Solution Implementation

Time and Space Complexity

Time Complexity: O(n²) where n is the number of nodes in the binary tree.

The algorithm performs a depth-first search (DFS) traversal visiting each node exactly once, which takes O(n) time. However, at each leaf node where the path sum equals the target, we create a copy of the current path using t[:]. In the worst case, the tree could be a complete binary tree where every root-to-leaf path has the same sum as the target. For a complete binary tree with n nodes, there are approximately n/2 leaf nodes, and the height is O(log n). Each path copy operation takes O(log n) time since that's the length of the path. Therefore, the worst-case time complexity is O(n) for traversal plus O((n/2) * log n) for copying paths, which simplifies to O(n log n).
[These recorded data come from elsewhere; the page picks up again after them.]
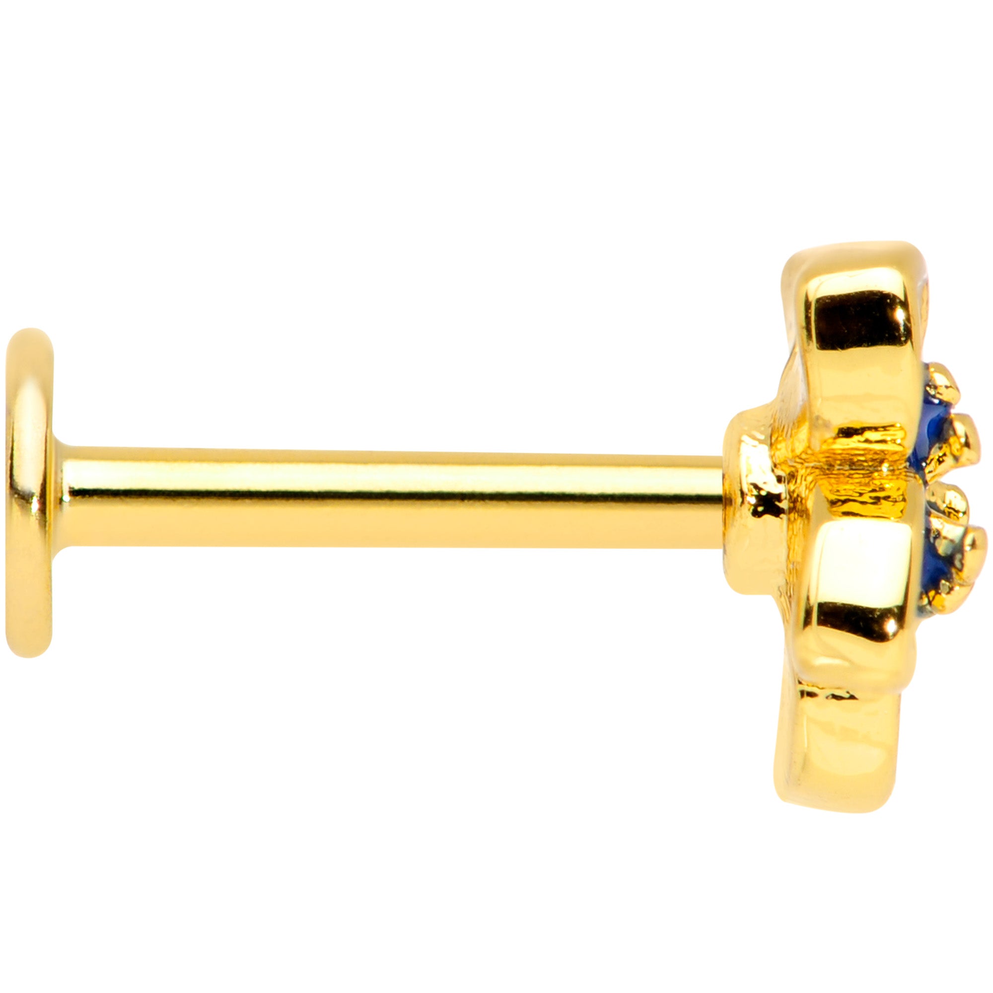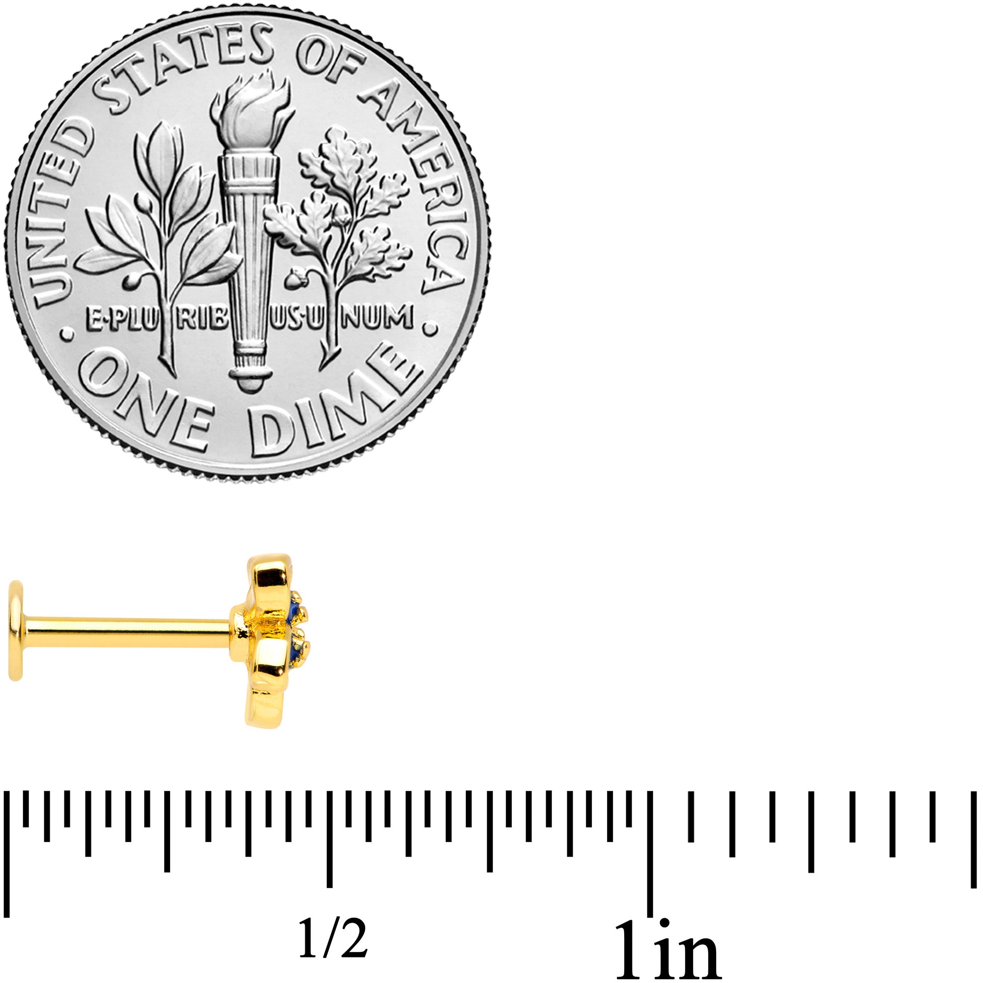 16 Gauge 5/16 Gold Tone White Blue Flower Labret Monroe Tragus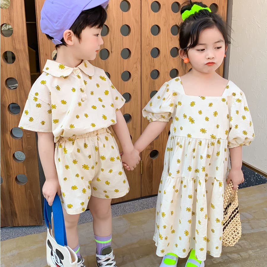 子供らしい可愛い小花の総柄シャツとショートパンツのセットアップ。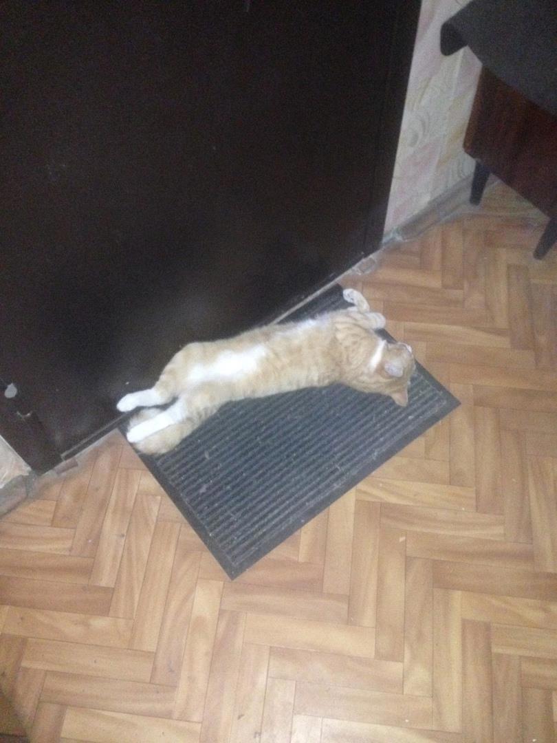 Со стороны похоже, что сдох. На самом же деле прикидывается шлангом. Стоит только сказать, идём жрать, как первым бежит к холодильнику.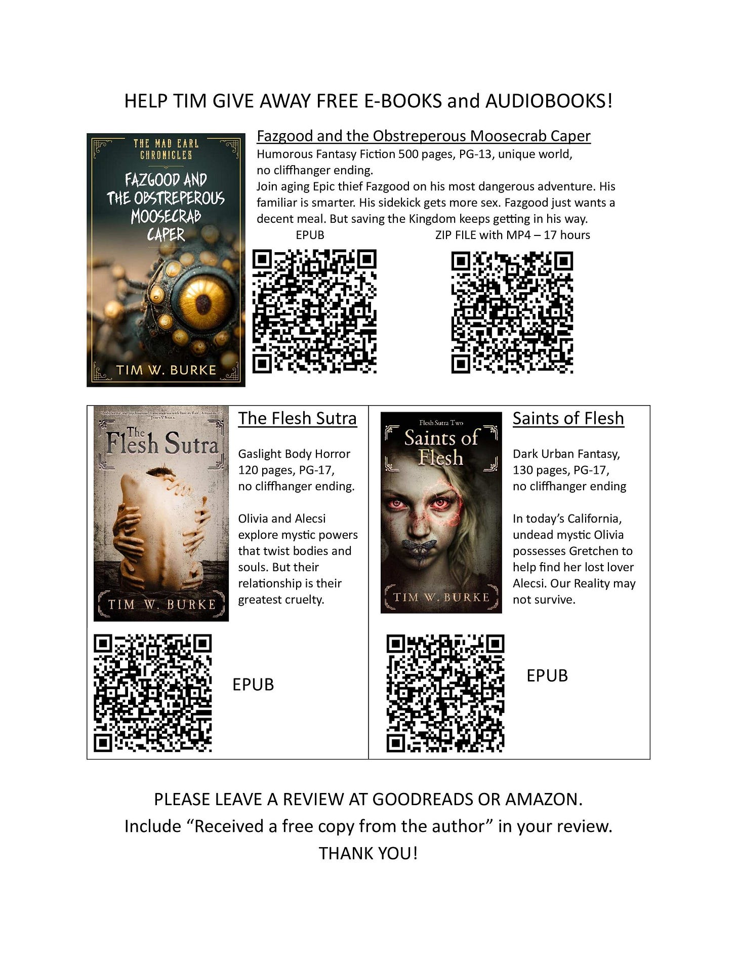 Would you like to read stories for free? Fazgood started as an AD&D character and turned into an Updike’s Rabbit with eldritch body humor. “The Flesh Sutra” was inspired by a heartbreak. Just scan these QR codes and you’ll download from Google Drive.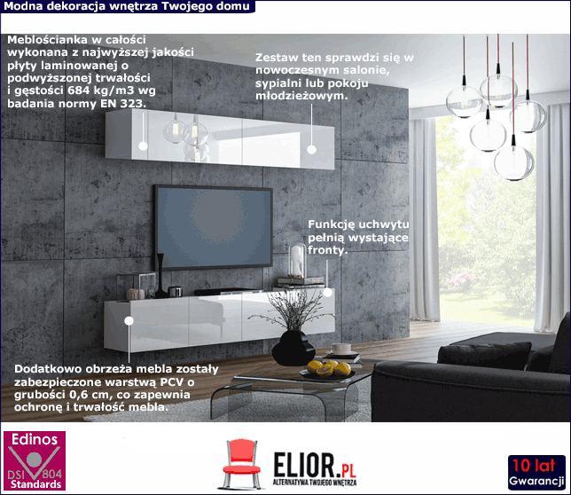 Meblościanka została wykonana z jednego, naturalnego i trwałego materiału, którym jest najwyżej jakości płyta laminowana o podwyższonej trwałości i gęstości. Zbudowana została z włókien drzewnych i związków organicznych w warunkach wysokiego ciśnienia i temperatury. Włókna ułożone są różnokierunkowo, o strukturze sinusoidalnej, co zapewnia nadanie jej cech jakościowych oraz wytrzymałościowych. Dodatkowo półkę oklejono specjalistyczną warstwą ochronną PCV, cechującą się ponadprzeciętną odpornością na zarysowania. Ponadto ten zabieg sprawił, że prezentuje się on wyjątkowo estetycznie i elegancko. Meble produkowane z płyt laminowanych charakteryzują się naturalnością i trwałością, dzięki czemu meble produkowane przez wykonawców marki Elior są całkowicie bezpieczne dla ludzi i środowiska. Dodatkową zaletą prezentowanego przez są subtelne uchwyty, których funkcję pełnią wysunięte fronty oraz system zamykania wyposażony w cichy domyk.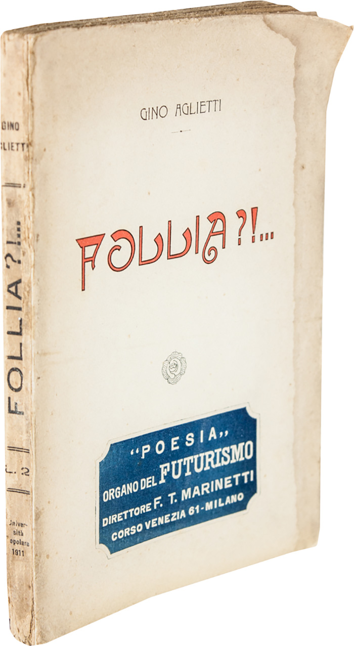 In-8° (mm 193x132). Pagine 123, [5]. Buon esemplare dai fascicoli con piccole variazioni di misure, ma in barbe. Brossura editoriale con titoli in rosso e nero al piatto anteriore ed etichetta blu con titoli dell'Organo del Futurismo "Poesia". Titoli in nero al dorso con leggere abrasioni e piccole mancanze. Lieve alone di gora d'acqua nella copertina al margine esterno.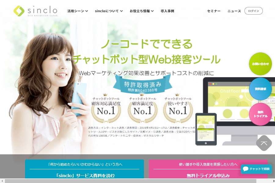 「sinclo」は、コンタクトセンターシステムメーカーである「メディアリンク」が開発したチャットボット型のWeb接客ツールです。
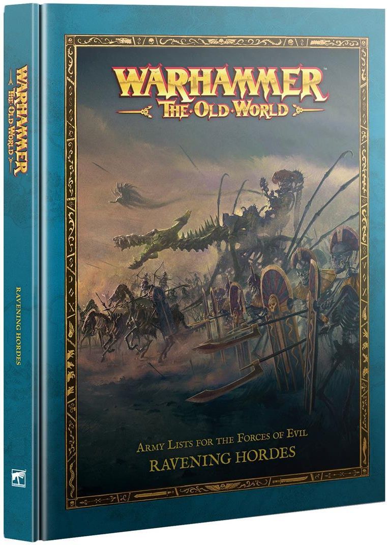 Księga zasad armijnych do gry bitewnej The Old World Ravening Hordes zawiera listy armii dla tych, którzy stoją po stronie zła: Orc and Goblin Tribes, the Warriors of Chaos, the Beastmen Brayherds, and the Tomb Kings of Khemri. Każda z nich zawiera profile każdej jednostki w armii, a także specjalne zasady dla tej frakcji, unikalne zaklęcia, magiczne przedmioty i wiele więcej, a także zdjęcia pięknie pomalowanych modeli. Język angielski, Twarda oprawa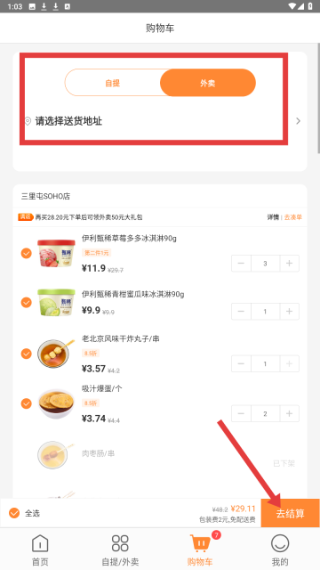 4、选择【外卖】选项,填写收货地址,点击【去结算】按钮,完成购物车商品的结算并提交订单。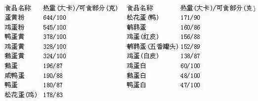 > 蛋类食物热量表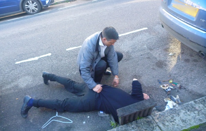 8. A vőlegény tanúja minden erejével próbálja kihalászni a csatárnából a véletlenül beleejtett eljegyzési gyűrűket: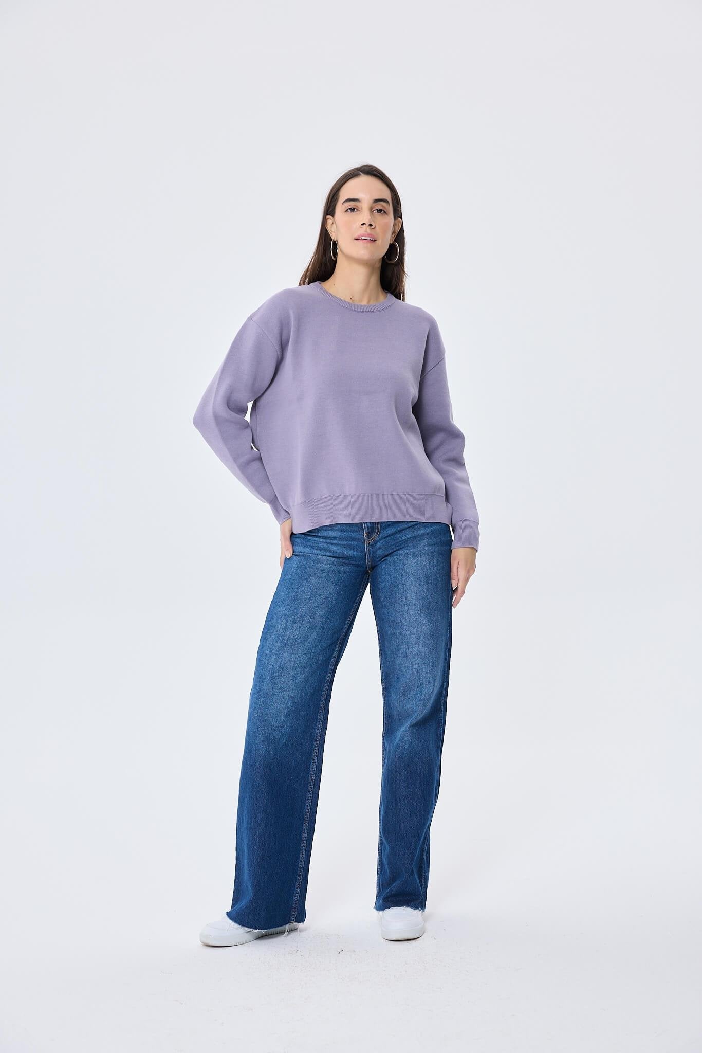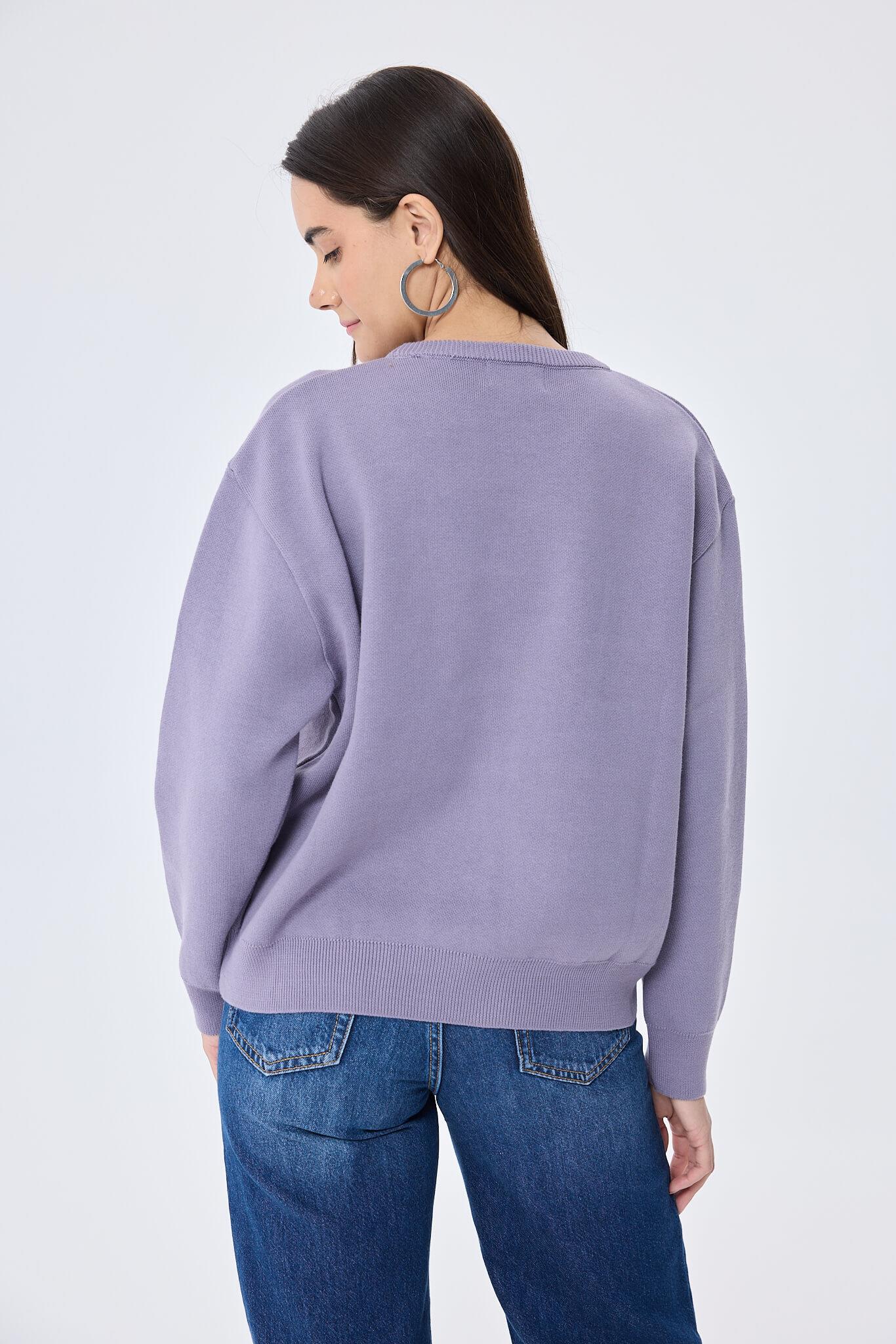 Cleo Düz Örgü Kadın Mevsimlik Triko Kazak Lila

However, considering a skewed tree (like a linked list) where all nodes form a single path, if this path sums to the target, copying this path would take O(n) time. With only one such path, the total time would be O(n). But in a more pathological case where we need to consider all possible paths and their prefixes in certain tree configurations, the time complexity can reach O(n²).

Space Complexity: O(n)

The space complexity consists of:

• The recursion call stack, which in the worst case (skewed tree) can go as deep as O(n)
• The temporary path list t which stores at most O(n) elements in the worst case (skewed tree)
• The output list ans which stores all valid paths, but this is not counted as auxiliary space since it's part of the required output

Therefore, the overall space complexity is O(n).

Common Pitfalls

1. Forgetting to Create a Copy of the Path

One of the most common mistakes is adding the current path directly to the result list without creating a copy:

Incorrect Code:

if node.left is None and node.right is None and current_sum == targetSum:
    result.append(current_path)  # WRONG! This adds a reference, not a copy

Why This Fails: Since current_path is a mutable list that gets modified during backtracking, all references in result will point to the same list object. After the DFS completes, result will contain multiple references to an empty list.

Correct Solution:

if node.left is None and node.right is None and current_sum == targetSum:
    result.append(current_path[:])  # Creates a shallow copy
    # Or alternatively: result.append(list(current_path))

2. Incorrect Leaf Node Detection

Another frequent error is incorrectly identifying leaf nodes by checking only one child:

Incorrect Code:

# Wrong: This might include paths to internal nodes
if node.left is None or node.right is None:  # WRONG! Uses OR instead of AND
    if current_sum == targetSum:
        result.append(current_path[:])

Why This Fails: A node with only one child is not a leaf node. Using OR would incorrectly include paths that end at internal nodes with one child.

Correct Solution:

# A leaf node has no children (both left and right are None)
if node.left is None and node.right is None:
    if current_sum == targetSum:
        result.append(current_path[:])

3. Forgetting to Backtrack

Missing the backtracking step will cause the path to accumulate nodes incorrectly:

Incorrect Code:

def dfs(node, current_sum):
    if node is None:
        return
  
    current_sum += node.val
    current_path.append(node.val)
  
    if node.left is None and node.right is None and current_sum == targetSum:
        result.append(current_path[:])
  
    dfs(node.left, current_sum)
    dfs(node.right, current_sum)
    # MISSING: current_path.pop()  # Forgot to backtrack!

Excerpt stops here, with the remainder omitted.